The D5000 has Nikon's excellent Active D-Lighting dynamic range booster, which now has four levels of compensation, as well as automatic and off modes. It's a very good system, flattening out the contrast curve to boost shadow detail and subtly dim highlights to avoid burning out. You only really notice the effect in very high contrast situations, but it does work well, with no detectable negative impact on image quality even at the highest setting.
In order to control the camera's considerable versatility the D500 has a dual menu system. The main shooting settings are displayed on the monitor along with basic exposure information, a match-needle meter and a graphic representation of the selected aperture.
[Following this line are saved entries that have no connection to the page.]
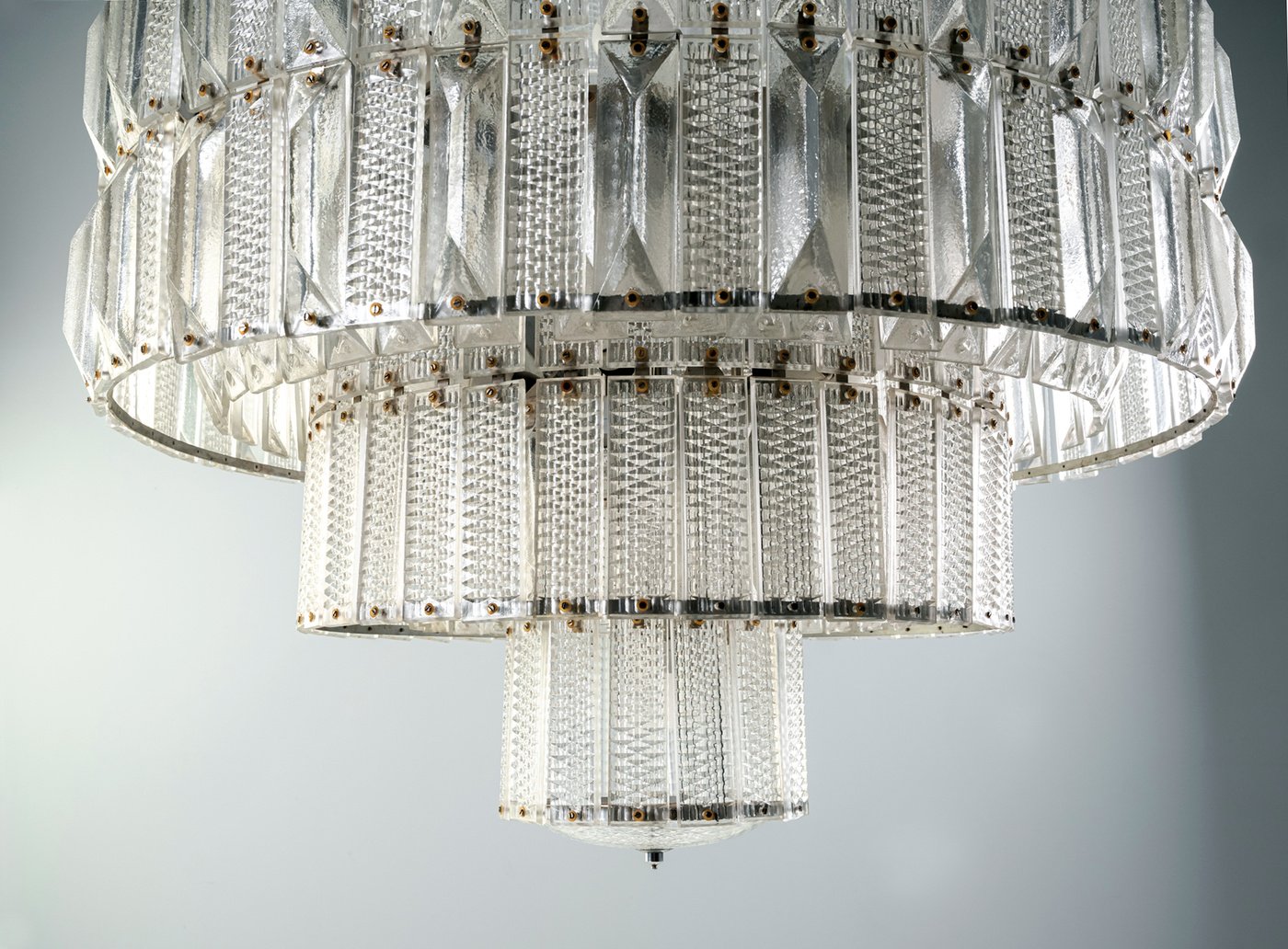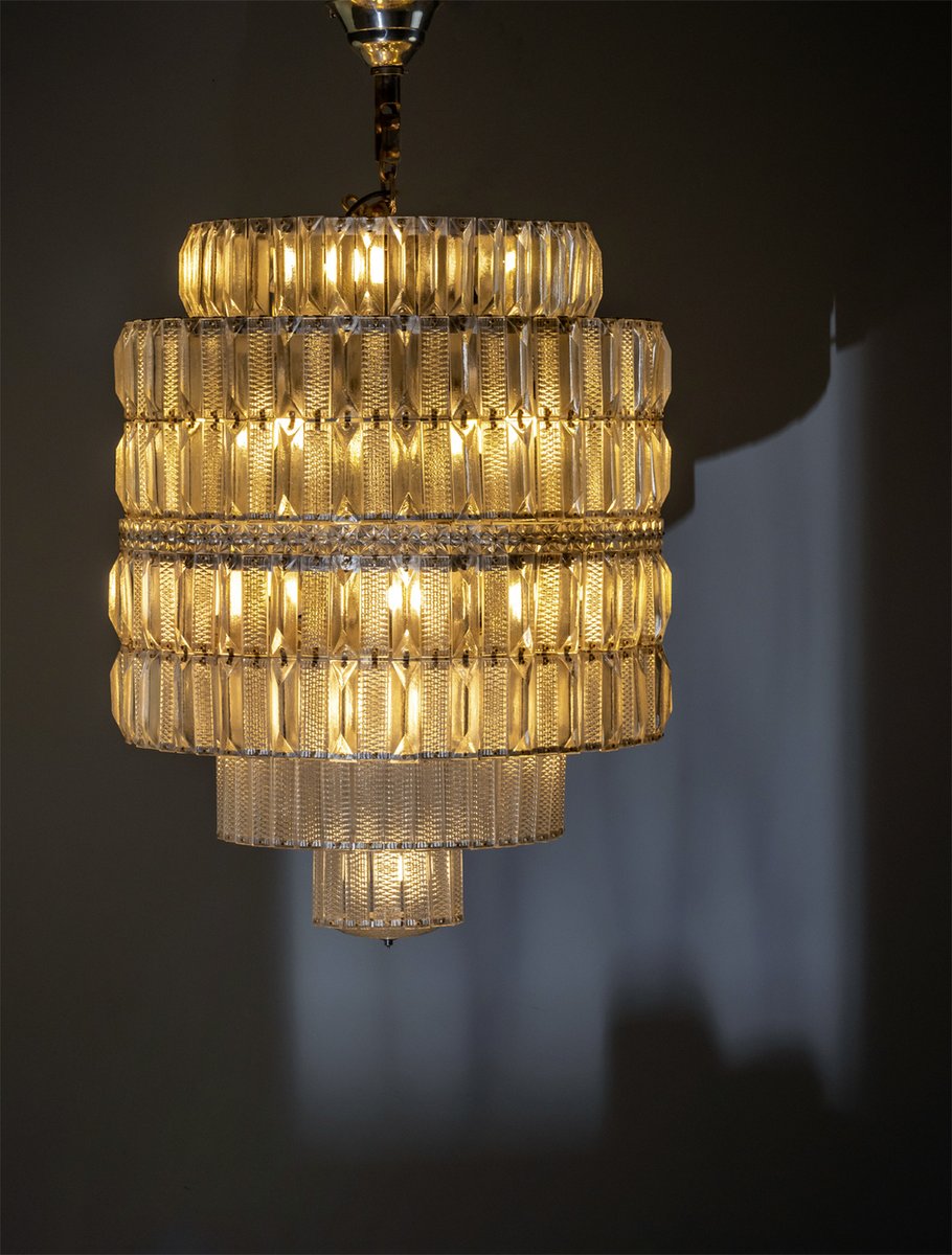 This tiered crystal chandelier was produced in the 1960s by Lustry Kamenický Šenov, a leading Czechoslovak manufacturer known for hotel and architectural lighting. Originally installed in a luxury interior, the piece demonstrates the precision and scale characteristic of mid-century Czech crystal craftsmanship.
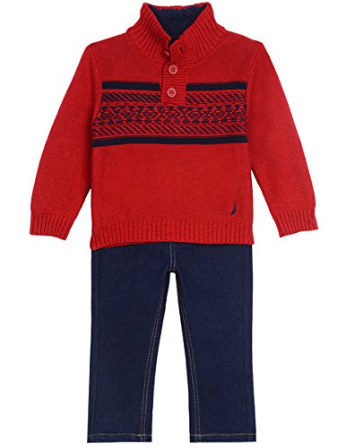 Nautica Little Boys' Sherpa Lined Fairisle Sweater, and Denim Pant Set, Red Rouge, 5/6
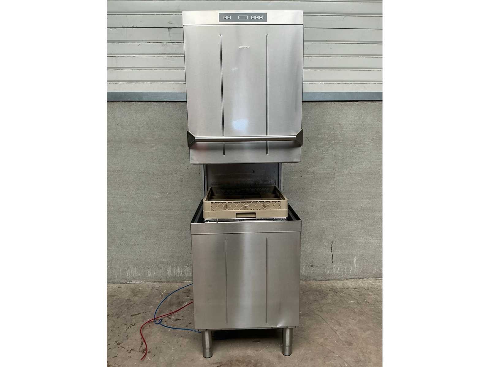 Doorschuif korvenvaatwasmachine voorzien aansluiting zeep-en glansmiddel, inclusief 1 korf, voorzien van perilexstekker Nee Merk: Smeg Type: HTY 505 D Rvs: true Doorschuifmodel: true Aansluiting: 400V Korf afmeting l: 50cm Korf afmeting b: 50cm Totale afmeting L: 740mm Totale afmeting Breedte: 810mm Totale afmeting Hoogte: 1560mm
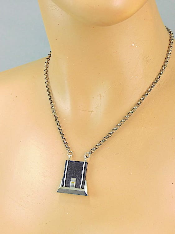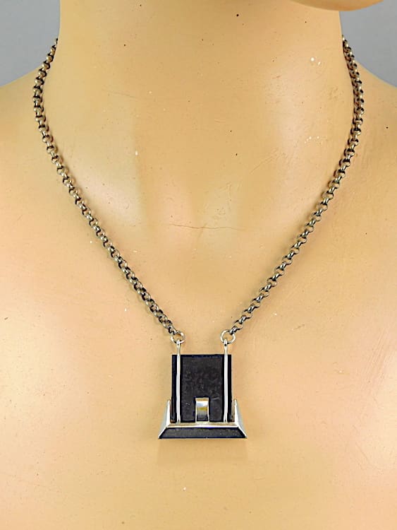 Wonderful black galalith necklace with central pendant detail, by Jakob Bengel.
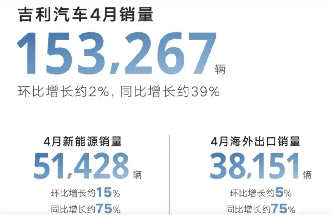 吉利汽車4月銷量153,267輛,環比增長約2%,同比增長約39%。4月新能源銷量為51,428輛,同比增長約75%,4月海外出口銷量為38,151輛,同比增長約75%。吉利銀河4月銷量12,725輛,環比增長約25%;領克品牌4月銷量為18,727輛,同比增長約34%;極氪品牌4月銷量為16,089輛,同比增長99%。海外出口方面,4月銷量為38,151輛,環比增長約5%,同比增長約75%。
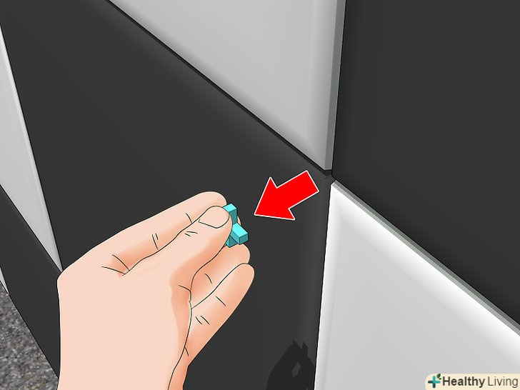 Видаліть пластикові роздільники перед затиранням швів. поки плитковий клей ще не застиг до кінця, вийміть роздільники, раніше вставлені між плитками. Це можна зробити приблизно через 1,5 години після укладання плитки і установки роздільників. Обов'язково приберіть всі роздільники, перш ніж переходити до наступного етапу робіт. [17]- Якщо залишити роздільники в клеї занадто надовго, видалити їх буде куди проблематичніше.
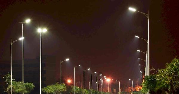 Un viale illuminato con lampade a led
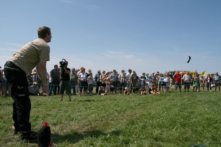 - Ved gummistøvlekast føres gummistøvlen mellem benene og hen over egen ryg. Ikke nogen let øvelse, så man bør allerede nu gå i skarp træning, hvis man ønsker at deltage i årets konkurrence, siger Kaj Abrahamsen.
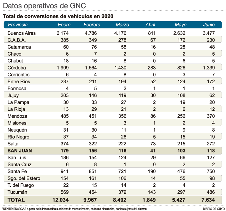 En San Juan, según datos del Ente Nacional Regulador del Gas (Enargas), hay 34.877 vehículos habilitados a usar GNC.

However to change any settings, such as drive mode or ISO sensitivity, you have to press the bottom left button to bring up the settings display, navigate to and adjust the setting with the D-pad, then press OK to confirm. It's quite a fiddly operation and requires two hands. Other similar control systems on rival camera are a lot more slick and easy to use. Fortunately the main menu is a lot better though out, and includes a very handy "recent settings" page that allows you to quickly undo any changes, and an extensive custom settings menu.
There is also an extensive retouch menu, including D-Lighting adjustment, red-eye correction, cropping, rotation, distortion correction, perspective adjustment, a variety of colour balance and filter effects. There is also a useful in-camera Raw processing option, as well as multi-image overlay and stop-motion animation. It's almost as much fun playing with the retouch menu as it is taking pictures with the camera.